(Stored items)
■ ■ ■ ■

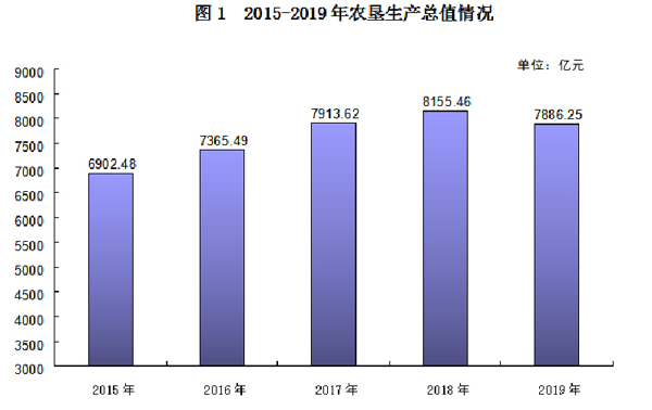 全年實現(xiàn)農(nóng)業(yè)總產(chǎn)值3862.05億元,比上年增長1%。其中:種植業(yè)產(chǎn)值2365.60億元,林業(yè)產(chǎn)值98.58億元,畜牧業(yè)產(chǎn)值889.51億元,漁業(yè)產(chǎn)值273.83億元,其他輔助性活動產(chǎn)值234.53億元。
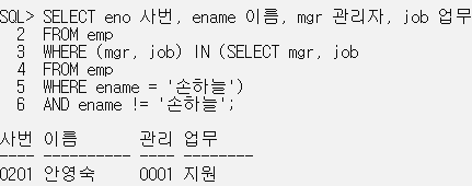 [예제 3]손하늘과 동일한 관리자의 관리를 받으면서 업무도 같은 사원을 검색
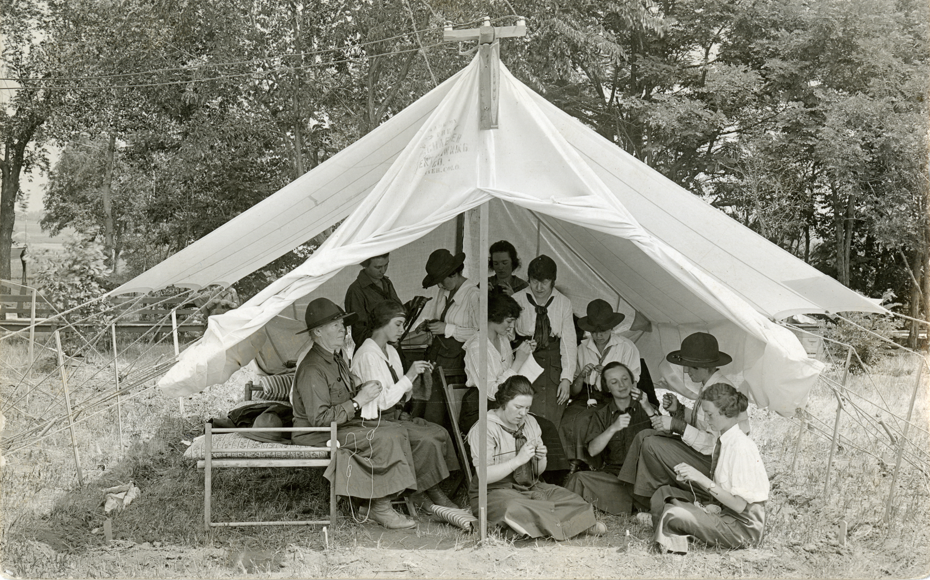 Denver’s Sisters of Loretto generously opened the campus of their private Catholic school for girls to the National Service School for its fifth encampment during the 1917 summer break. Thirty-five white-walled canvas tents went up on the grounds to house attendees, instructors, and camp offices. The commanding Army officer at Fort Logan, General Robert Getty, detailed a bugler and two sergeants to provide instruction in military calisthenics and drilling, and over the next three weeks more than 100 women received intensive training in skills deemed useful to the war effort.
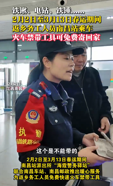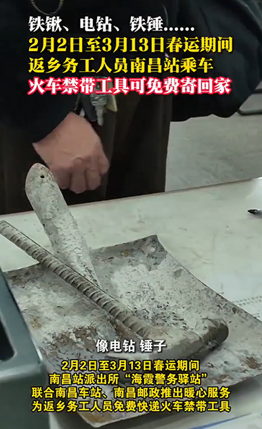 春运潮涌,归心似箭。近日,一段关于南昌火车站在春运期间免费为返乡务工人员邮寄铁锹、电钻等火车禁带限带工具的短视频引发关注,网友们纷纷留言称赞“做法很暖心”“管理人性化”。
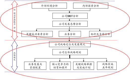 不同的企業(yè)在制定戰(zhàn)略規(guī)劃時,整體框架結(jié)構(gòu)會有所差異,但大的脈絡(luò)是有章可循的。內(nèi)外部環(huán)境分析是上到國家、中到產(chǎn)業(yè)、小到企業(yè)制定戰(zhàn)略規(guī)劃的基礎(chǔ),厘清戰(zhàn)略定位、制定戰(zhàn)略目標、設(shè)計業(yè)務規(guī)劃以及明確戰(zhàn)略保障舉措是戰(zhàn)略規(guī)劃的核心。如果不能對企業(yè)所處的外部環(huán)境以及企業(yè)的資源能力有個系統(tǒng)、清晰、客觀的認識,戰(zhàn)略規(guī)劃是沒有根基的,很容易走偏;如果不能制定契合企業(yè)實際的戰(zhàn)略目標、業(yè)務規(guī)劃與職能保障舉措,戰(zhàn)略規(guī)劃是沒有落腳點的,很容易做虛。
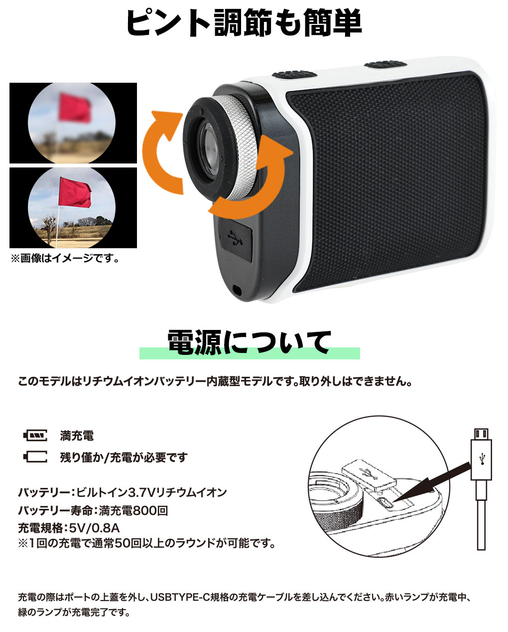 ・電池買い替えの必要がないUSB充電方式の内臓リチウムイオンバッテリー搭載、約50ラウンド(※)のプレーができるのでほぼ充電の必要なし
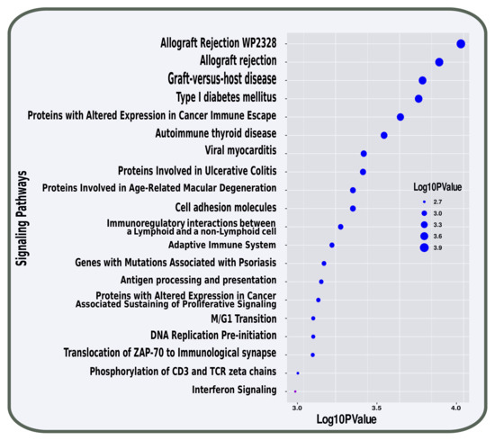 T2D development is significantly influenced by the MAPK signalling pathway [], where cigarette smoke particles may activate MAPK pathways []. The Allograft Rejection pathway is also activated in T2D patients [], where Allograft Rejection is more likely to active in people with a history of smoking cigarettes [,]. PI3K/AKT pathway damaged in various tissues of the body leads to the development of T2D as the result of insulin resistance [], and tobacco smoke exposure can activate PI3K/Akt pathway []. Endosomal/Vacuolar pathways is presented in T2D []. Hence, in vitro, researchers can work on this pathway to make resistance to T2D. Therefore, the continuous inactive stage of the Allograft Rejection pathways, PI3K/Akt pathway and MAPK pathway may be possible by quitting smoking at an early period or taking drugs to alter the current active status of the pathways in T2D patients. Ultimately, avoiding smoking is highly recommended for both control (absence of T2D) and T2D patients so that the pathways do not influence by smoking. As far as we know, no bioinformatics approach had previously described these pathways and to the best of my knowledge, other pathways identified in our study are not specified by any previous literature for developing T2D. Yet those pathways may be potential drug targets that paved the way for further research and analysis.
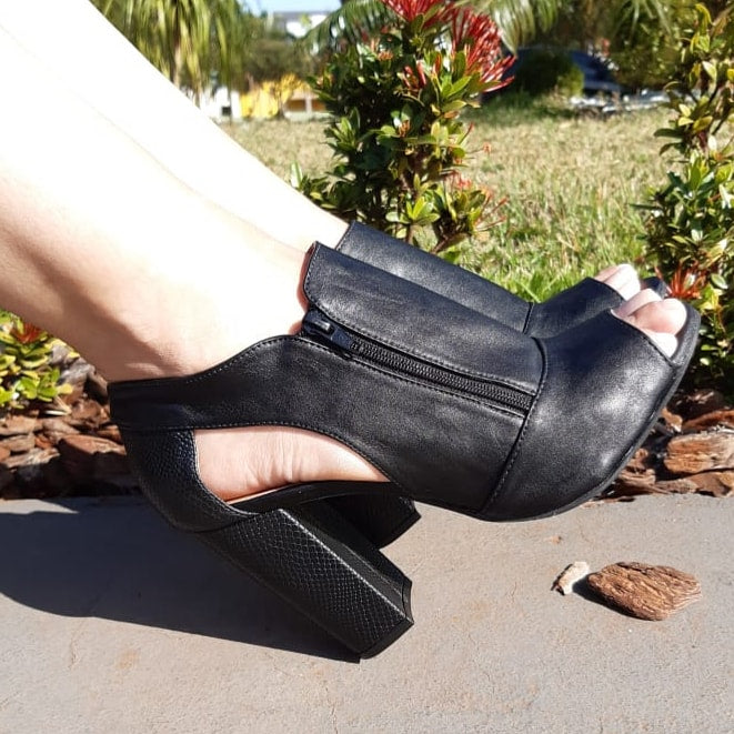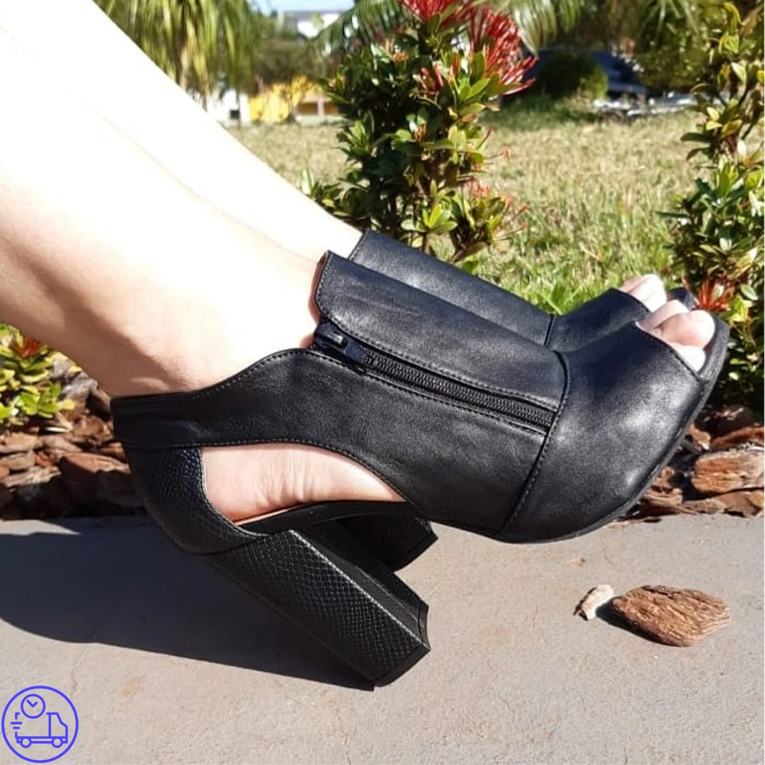Sandália no estilo botinha em courino com zíper e abertura leve lateral, salto quadrado com 8 cm, confortável e seguro. Material de excelente qualidade além de lindo. Disponível do tamanho 33 ao 39.
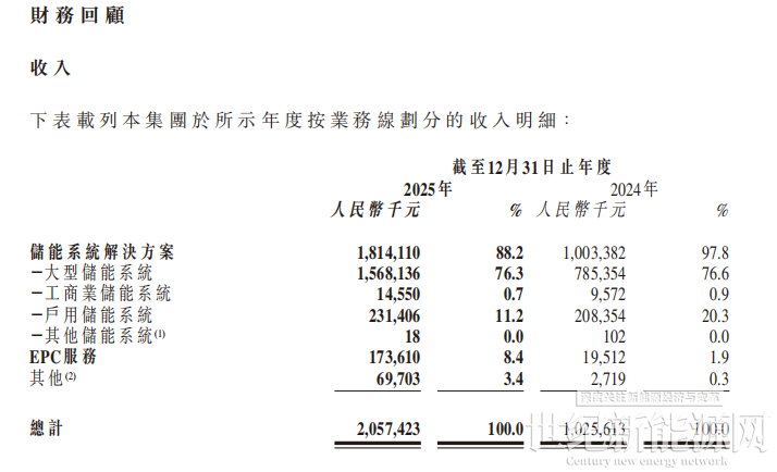 从业务结构看,储能系统解决方案仍是绝对主力,收入达到18.14亿元,占总营收88.2%。其中大型储能系统收入15.68亿元,同比增长99.67%,稳居第一大营收来源;户用储能系统收入2.31亿元,工商业储能系统收入1455万元,后者虽基数尚小,但随着公司募资扩产,有望成为新的增长极。
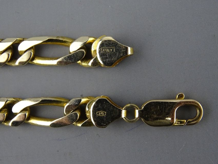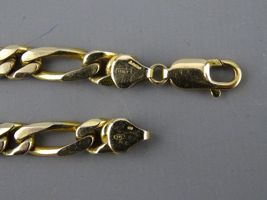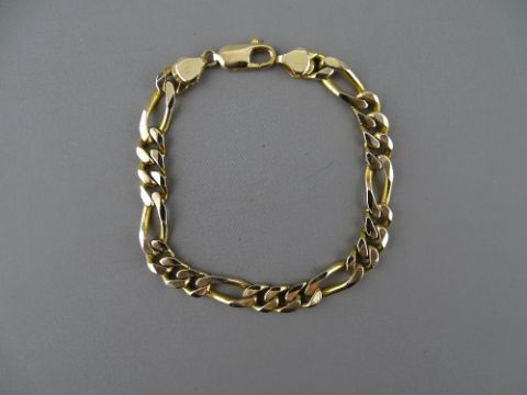 A NINE CARAT GOLD FIGARO STYLE LINK BRACELET, 21.4 grms

■ ■ ■ ■

# What this task involves
Please output every record above exactly as written, leaving out the pictures.

# Written answer
 全年實現(xiàn)農(nóng)業(yè)總產(chǎn)值3862.05億元,比上年增長1%。其中:種植業(yè)產(chǎn)值2365.60億元,林業(yè)產(chǎn)值98.58億元,畜牧業(yè)產(chǎn)值889.51億元,漁業(yè)產(chǎn)值273.83億元,其他輔助性活動產(chǎn)值234.53億元。
 [예제 3]손하늘과 동일한 관리자의 관리를 받으면서 업무도 같은 사원을 검색
 Denver’s Sisters of Loretto generously opened the campus of their private Catholic school for girls to the National Service School for its fifth encampment during the 1917 summer break. Thirty-five white-walled canvas tents went up on the grounds to house attendees, instructors, and camp offices. The commanding Army officer at Fort Logan, General Robert Getty, detailed a bugler and two sergeants to provide instruction in military calisthenics and drilling, and over the next three weeks more than 100 women received intensive training in skills deemed useful to the war effort.
 春运潮涌,归心似箭。近日,一段关于南昌火车站在春运期间免费为返乡务工人员邮寄铁锹、电钻等火车禁带限带工具的短视频引发关注,网友们纷纷留言称赞“做法很暖心”“管理人性化”。
 不同的企業(yè)在制定戰(zhàn)略規(guī)劃時,整體框架結(jié)構(gòu)會有所差異,但大的脈絡(luò)是有章可循的。內(nèi)外部環(huán)境分析是上到國家、中到產(chǎn)業(yè)、小到企業(yè)制定戰(zhàn)略規(guī)劃的基礎(chǔ),厘清戰(zhàn)略定位、制定戰(zhàn)略目標、設(shè)計業(yè)務規(guī)劃以及明確戰(zhàn)略保障舉措是戰(zhàn)略規(guī)劃的核心。如果不能對企業(yè)所處的外部環(huán)境以及企業(yè)的資源能力有個系統(tǒng)、清晰、客觀的認識,戰(zhàn)略規(guī)劃是沒有根基的,很容易走偏;如果不能制定契合企業(yè)實際的戰(zhàn)略目標、業(yè)務規(guī)劃與職能保障舉措,戰(zhàn)略規(guī)劃是沒有落腳點的,很容易做虛。
 ・電池買い替えの必要がないUSB充電方式の内臓リチウムイオンバッテリー搭載、約50ラウンド(※)のプレーができるのでほぼ充電の必要なし
 T2D development is significantly influenced by the MAPK signalling pathway [], where cigarette smoke particles may activate MAPK pathways []. The Allograft Rejection pathway is also activated in T2D patients [], where Allograft Rejection is more likely to active in people with a history of smoking cigarettes [,]. PI3K/AKT pathway damaged in various tissues of the body leads to the development of T2D as the result of insulin resistance [], and tobacco smoke exposure can activate PI3K/Akt pathway []. Endosomal/Vacuolar pathways is presented in T2D []. Hence, in vitro, researchers can work on this pathway to make resistance to T2D. Therefore, the continuous inactive stage of the Allograft Rejection pathways, PI3K/Akt pathway and MAPK pathway may be possible by quitting smoking at an early period or taking drugs to alter the current active status of the pathways in T2D patients. Ultimately, avoiding smoking is highly recommended for both control (absence of T2D) and T2D patients so that the pathways do not influence by smoking. As far as we know, no bioinformatics approach had previously described these pathways and to the best of my knowledge, other pathways identified in our study are not specified by any previous literature for developing T2D. Yet those pathways may be potential drug targets that paved the way for further research and analysis.
Sandália no estilo botinha em courino com zíper e abertura leve lateral, salto quadrado com 8 cm, confortável e seguro. Material de excelente qualidade além de lindo. Disponível do tamanho 33 ao 39.
 从业务结构看,储能系统解决方案仍是绝对主力,收入达到18.14亿元,占总营收88.2%。其中大型储能系统收入15.68亿元,同比增长99.67%,稳居第一大营收来源;户用储能系统收入2.31亿元,工商业储能系统收入1455万元,后者虽基数尚小,但随着公司募资扩产,有望成为新的增长极。
 A NINE CARAT GOLD FIGARO STYLE LINK BRACELET, 21.4 grms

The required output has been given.